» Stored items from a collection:
★ ★ ★ ★ ★ ★ ★
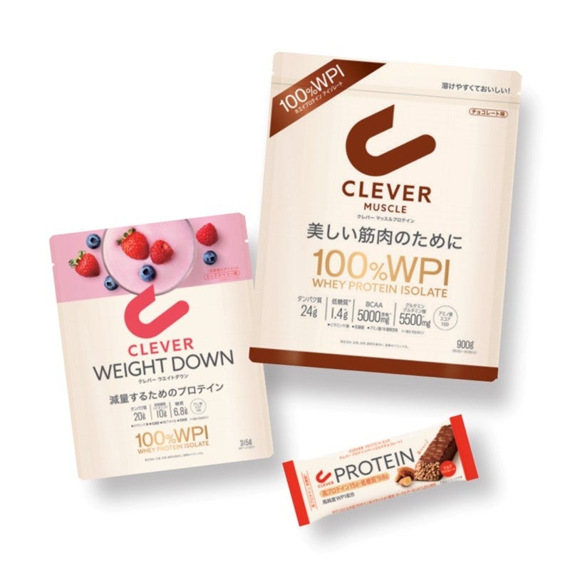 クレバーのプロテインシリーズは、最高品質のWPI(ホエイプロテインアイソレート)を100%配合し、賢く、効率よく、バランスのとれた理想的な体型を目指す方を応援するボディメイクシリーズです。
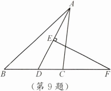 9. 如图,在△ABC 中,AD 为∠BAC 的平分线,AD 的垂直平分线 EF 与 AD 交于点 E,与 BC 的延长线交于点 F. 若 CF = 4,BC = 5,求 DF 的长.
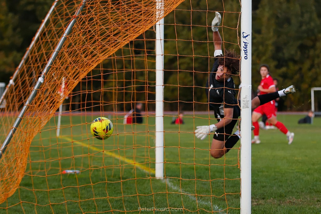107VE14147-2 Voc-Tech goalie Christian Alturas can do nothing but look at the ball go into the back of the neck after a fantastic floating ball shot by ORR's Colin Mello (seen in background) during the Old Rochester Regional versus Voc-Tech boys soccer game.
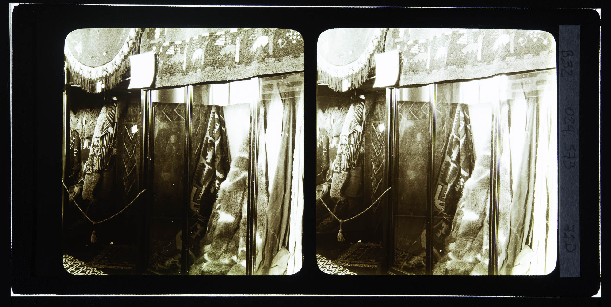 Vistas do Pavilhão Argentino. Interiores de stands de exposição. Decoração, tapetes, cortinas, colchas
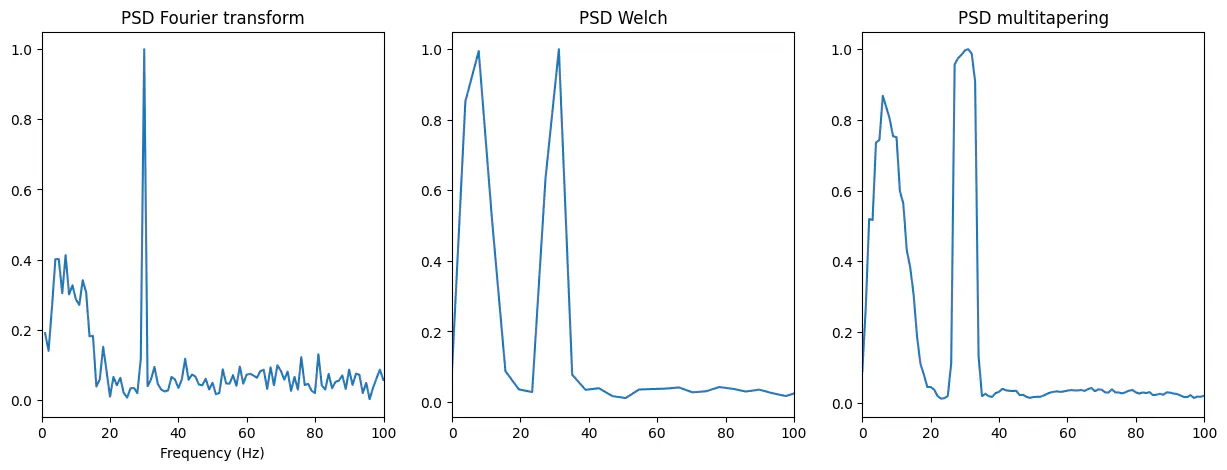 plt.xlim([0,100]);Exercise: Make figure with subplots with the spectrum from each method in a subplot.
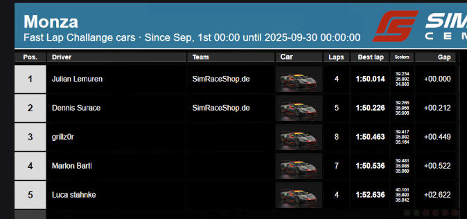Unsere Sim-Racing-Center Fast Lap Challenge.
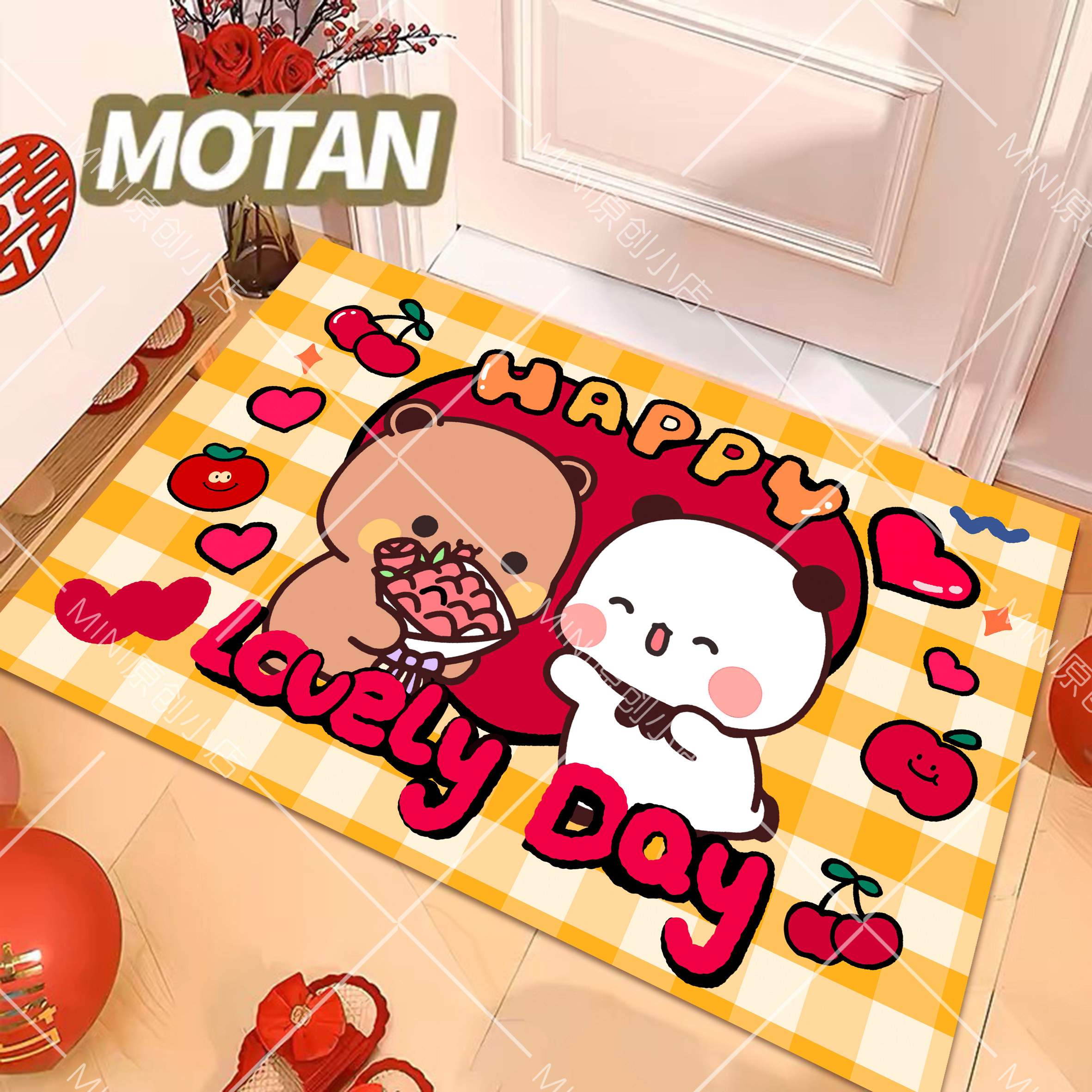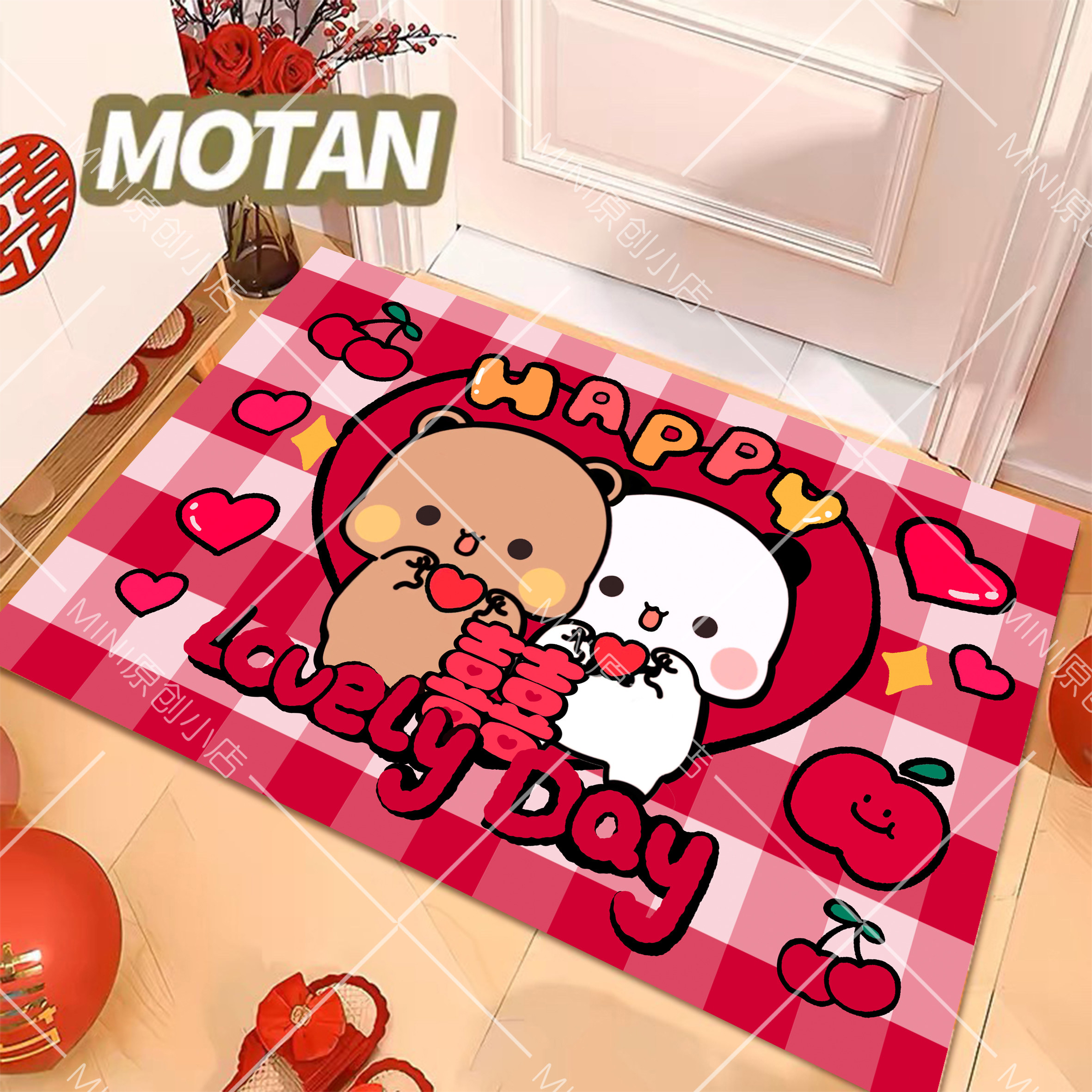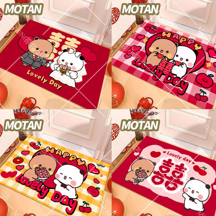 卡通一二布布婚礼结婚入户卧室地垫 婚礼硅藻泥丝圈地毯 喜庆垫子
★ ★ ★ ★ ★ ★ ★
» Assignment: Return the records word for word, leaving every picture out of the copy.

» Reply:
 クレバーのプロテインシリーズは、最高品質のWPI(ホエイプロテインアイソレート)を100%配合し、賢く、効率よく、バランスのとれた理想的な体型を目指す方を応援するボディメイクシリーズです。
 9. 如图,在△ABC 中,AD 为∠BAC 的平分线,AD 的垂直平分线 EF 与 AD 交于点 E,与 BC 的延长线交于点 F. 若 CF = 4,BC = 5,求 DF 的长.
107VE14147-2 Voc-Tech goalie Christian Alturas can do nothing but look at the ball go into the back of the neck after a fantastic floating ball shot by ORR's Colin Mello (seen in background) during the Old Rochester Regional versus Voc-Tech boys soccer game.
 Vistas do Pavilhão Argentino. Interiores de stands de exposição. Decoração, tapetes, cortinas, colchas
 plt.xlim([0,100]);Exercise: Make figure with subplots with the spectrum from each method in a subplot.
Unsere Sim-Racing-Center Fast Lap Challenge.
 卡通一二布布婚礼结婚入户卧室地垫 婚礼硅藻泥丝圈地毯 喜庆垫子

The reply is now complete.